The Indy's Guide to Award Show Season

Well, Indy readers, winter is coming to a close, giving way to the next calendar season: Award Show Season. Award Show Season is, of course, followed by Midterm Season, which is followed by the Bingewatching Seasons, which are followed in turn by the holy season of Spring Break. After that I’m pretty sure it’s Lent; this is a Jesuit school, after all.

In this piece, I’ll try to give readers a concise overview of some of the biggest films and television shows of the Season – just the hard facts. To be sure, here at Georgetown we all know that Award Show Season – the Golden Globes, the Oscars – is far less important than all the political conflict and intrigue that’s going on this year. Hollywood’s biggest nights are nothing more than celebrations of spectacle over substance, a cesspool of the superficial and the frivolous. That’s why we follow politics; it’s hard, decent work, but someone’s got to do it.

But as it happens, entertainment and politics do have some overlap this Award Show Season. Veep, a political satire television series starring Seinfeld’s Julia Louis-Dreyfus, shows the human underbelly of the Washington elite; the characters may hold prestigious government jobs, but we see that their lives can be just as dull, petty, and tedious as our own. Evidently, Louis-Dreyfus recognized that the only way to star in a show where even less happens than Seinfeld was to choose one set in D.C.

Another new show is Westworld, a cerebral science fiction-western about an amusement park filled with robots. The HBO drama, loaded with violence and intrigue, has been a hit across many diverse demographics, but it does uniquely well with one in particular: your one annoying friend who always loudly explains what’s happening during Game of Thrones.

Georgetown students might also take note of Silence, Martin Scorsese’s new historical drama about 17th century Jesuits in Japan. It will likely win many an award, and play every single month at every church rectory family night for the rest of time.

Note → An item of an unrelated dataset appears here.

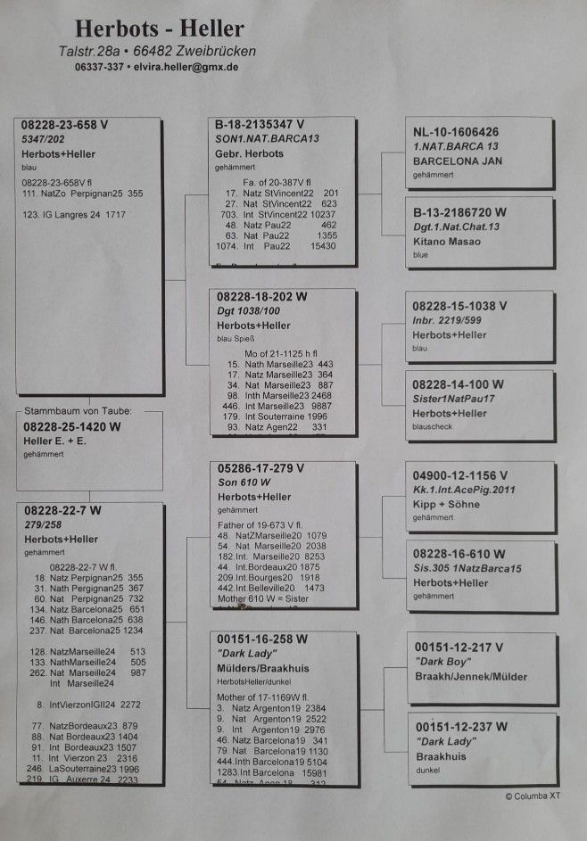 Outre leurs propres fondations issues des pigeons Seegmüller, les Heller se sont renforcés avec succès auprès de Karl-Heinz Koers, SG Kipp & Söhne, Lothar Lessmeister, Co van Dommelen et

The Americans, a period political drama, is another great show that could win big this season. It’s the story of two Soviet KGB officers masquerading as a normal family in the suburbs of Washington D.C. The drama unfolds during the Cold War, though if it were set today these two Russian agents would be much easier to catch: they would be the only household in the D.C. suburbs not voting for Hillary Clinton.

The musical romantic comedy La La Land, the title both a reference to its setting of Los Angeles and the state of being out of touch with reality, follows a barista, played by Emma Stone, struggling to be an actress. The movie is basically a lively reenactment of how your relatives imagine your future as they’re asking what exactly you’re going to do with that B.A. in philosophy.

Last but not least, Casey Affleck and Michelle Williams are favorites to win with Manchester by the Sea. It’s a moving, gritty portrait of working class New Englanders that’s been winning huge praise from godless Hollywood liberals. Affleck is traditionally known for his many portrayals of moody men from Boston, but this time he chose to branch out and test his range as an actor by playing a jaded man from a half hour north of Boston.

As a final note, I should say that Award Show Season does come on the heels of the Presidential Inauguration this year, which might be a jarring transition for some people. For the sake of continuity, I recommend you keep in mind that the Inauguration and the Oscars both involve small men made of fake gold.